There's also a tiny library in the office, really just a few shelves in the corner to collect any books that members come across. A lot of them are booklets published by the UN, the ILO and other organizations, but there are some novels and coffee table books as well. While we were waiting for the meeting to start, I came across a book on law and the status of women in Kenya. There I found something that I kind of knew already, but it surprised me to see how it had been written into the Constitution. It turns out that there are four different systems of family law in Kenya: Christian/statutory, Hindu, Islamic and African customary. It's really interesting to see how the legal system has dealt with different cultural groups as well as the urban-rurual divide, but the way that marriage is set up in different systems is very problematic from a gender standpoint. Both African customary and Islamic systems are potentially polygamous and the bride may be of any age, including infants. Women married under these systems are not entitled to any property if their husbands die or divorce them.
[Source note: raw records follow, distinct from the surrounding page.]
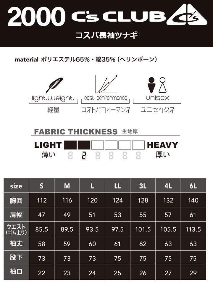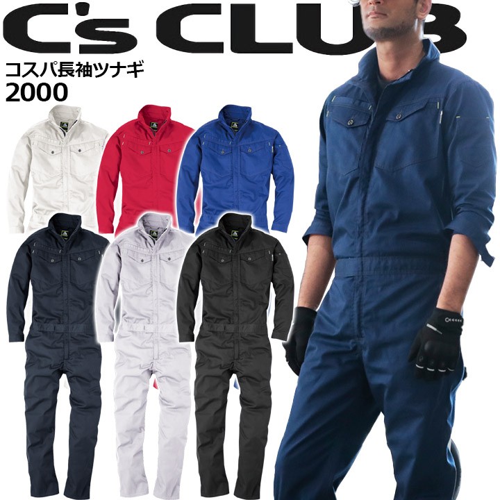 ツナギ 2000 シーズクラブ コスパ長袖つなぎ 軽量 ユニセックス ヘリンボーン Cs CLUB 作業着 作業服 中国産業 即日発送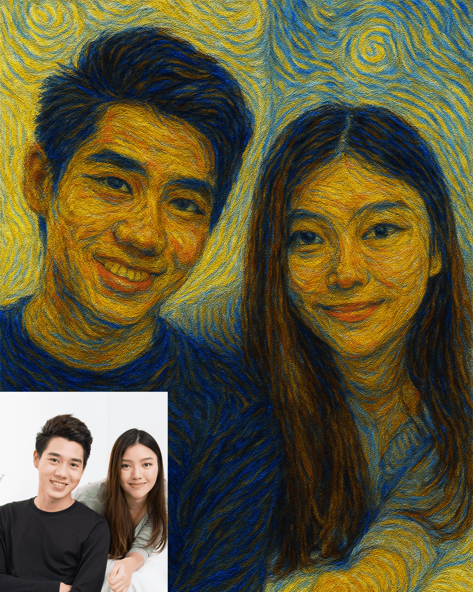 Turn your memories into art! Send us your photo, and we’ll transform it into a stunning Van Gogh–style painting, frame it, and deliver it to your doorstep. Choose your favorite quote and frame size, place your order, and share your photo via WhatsApp (9940626045 ) or email (info@nnncreations.in )— we’ll handle the magic.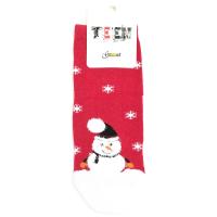 Детские трикотажные носки с тканым зимним рисунком "Снежинки" по всей длине изделия. Паголенок средней высоты. Оригинальный мысок модели с рисунком "Снеговик", рисунок снеговик вывязан фасонной пряжей травка. Пятка и мысок контрастных цветов.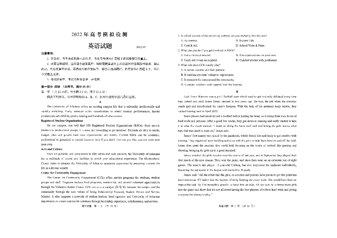 山东省青岛市2022.5高三年级第二次模拟试题英语

Customary law allows for many types of marriage which are not consensual, such as surrogate, woman inheritance, child and forced marriages. The husband also had the right to chastise (i.e. beat) his wife for adultery, practicing "witchcraft", or failing to carry out her wifely duties (cooking, cleaning, fetching wood and water, caring for the children, having sex on demand, etc.).

While I see the importance of allowing cultural groups to carry out their traditions, it's also important to note that in patriarchal cultures, men are the ones to determine which traditions should be valued and honoured. In many cases, women are politically, economically and socially marginalized and have very little say in life-altering events such as marriage. I'm not saying that marriage is some kind of sacred institution that should always be based on love alone; that's just not realistic in so many contexts. But consent is very important. It disturbs me to see that women's status can vary so much depending on which type of family law is followed. And yes, there are reasons for practicing polygamous marriage in pastoralist societies, for example, but those women are still people who deserve to be treated with dignity and respect. I don't know any woman, no matter how traditional, who wants to be beaten by her husband.

Speaking of romance, today is Valentine's day and the city has been overrun by cheap fabric flowers, stuffed animals and knock-off chocolates. Even this morning while I was buying my paper, two different people asked me what my plans were for the evening and why I didn't have a rose. That's Nairobi for you: everything so over the top. In fact, though I don't normally care for Valentine's day, we are going out tonight. George and I have never had the opportunity to have a nice romantic meal together, so it's long overdue. Not gonna lie, I'm really excited about having a meal that doesn't involve ugli, sukuma (kale), beef or cabbage. We might even have dessert!

1 comment:

Aesiron said...

The different and competing kinds of family law practiced there is interesting, if totally alien and more than a little frightening. I don't believe marriage is some sacred institution, either, but am amazed at how people can approach it in those manners and how women are treated as nothing more than chattel to be treated in any manner their owners wish to.